The team’s collaboration with SkyUK, a leading British telecommunications company, showcased their approach with SkyUK’s customer service team using Pienso to build models deciphering the most frequent customer issues. This application aided in processing half a million customer calls daily, reportedly saving the company over £7 million by reducing call length.

The onset of the Covid-19 pandemic in 2020 marked another milestone for Pienso. The founders were contacted by government officials to use Pienso to analyse the emerging disease better. The tool helped experts in virology and infectious disease create machine-learning models to assess thousands of research articles on coronaviruses, aiding the government in identifying and bolstering critical supply chains for drugs.

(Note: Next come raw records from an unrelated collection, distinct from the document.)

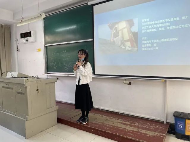 郑文琦是2017级光电信息技术与仪器专业硕士,现任浙江工商大学商学院教师。在分享会上,郑文琦就自己在海康威视的实习经历展开分享。她建议学弟学妹们在选择职业时不局限于自己的专业;在求职时要保持自信;多积累一些实习经历,为自己日后求职作铺垫。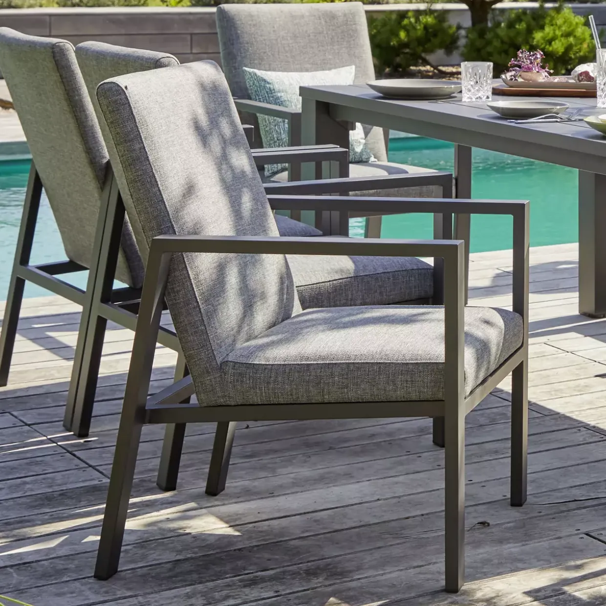 Die Sitzschale mit Polstersitz lädt zum Verweilen ein und macht lange Sommerabende im Garten noch angenehmer. In den zeitlosen Farbtönen Grau und Anthrazit fügt sich der Stuhl perfekt in jedes moderne Gartenambiente ein.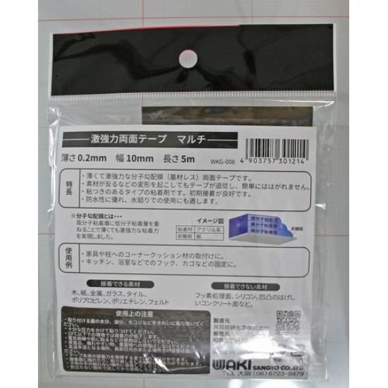 Waki Sangyo Суперпрочный Толстый x 10 мм Широкий x 5 м для и Двусторонний Скотч, Многоцелевой, 0,2 мм Длинный, Фиксация, Монтаж, Адгезия, WKG-008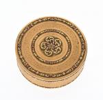 BOITE à pilules en ors jaune et rose 750/°° ciselés et gravés à décor de frises de fleurettes. Epoque XVIIIe siècle. D: 6 cm. H: 2 cm. Poids: 87.01 g.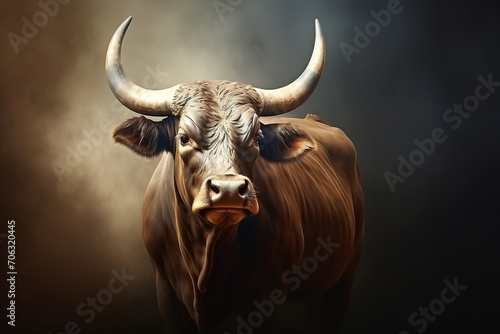 © zgurski1980, Naklejka premium Buffalo with big horns on dark background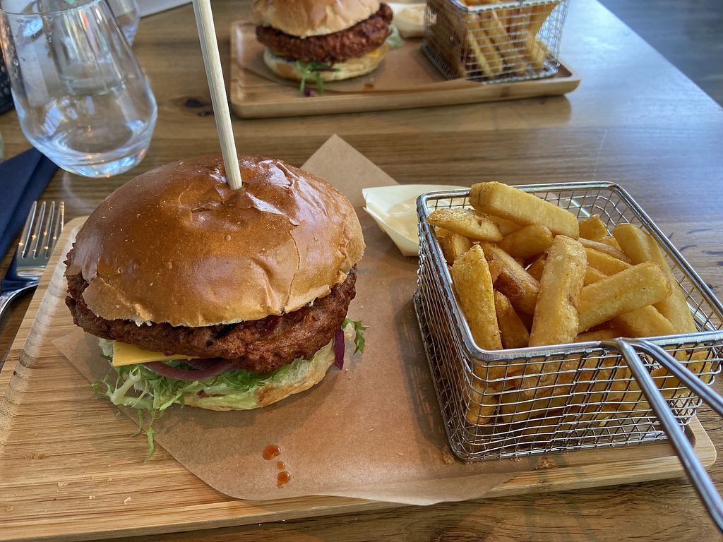 Read moreWe tried the Green chef burger which can be completely veganized when requested (with vegan cheddar). It was large and tasty, but quite salty. The fries were good and they came with vegan mayo. We also had a vegan appetizer: bread sticks with tomato tapenade.

Pienso’s web-based platform allows users to import and refine data without coding. It can structure unlabeled or unannotated data, which can then be used to fine-tune large language models in roughly 25 minutes. Compatible with internal servers and cloud infrastructure, Pienso serves as an alternative for companies that don’t want to share their data with other AI services.

In a recent development, Pienso has partnered with hardware manufacturing company GraphCore to improve the efficiency of their computing platform for machine learning, reducing latency.

Dinakar and Jones view their work as paving the way for a future where more effective AI models are created by those who are most acquainted with the problems they seek to solve. The ultimate goal is to assemble a collection of models, each designed for specific applications, brought together to collaborate and orchestrated by those who understand the data best.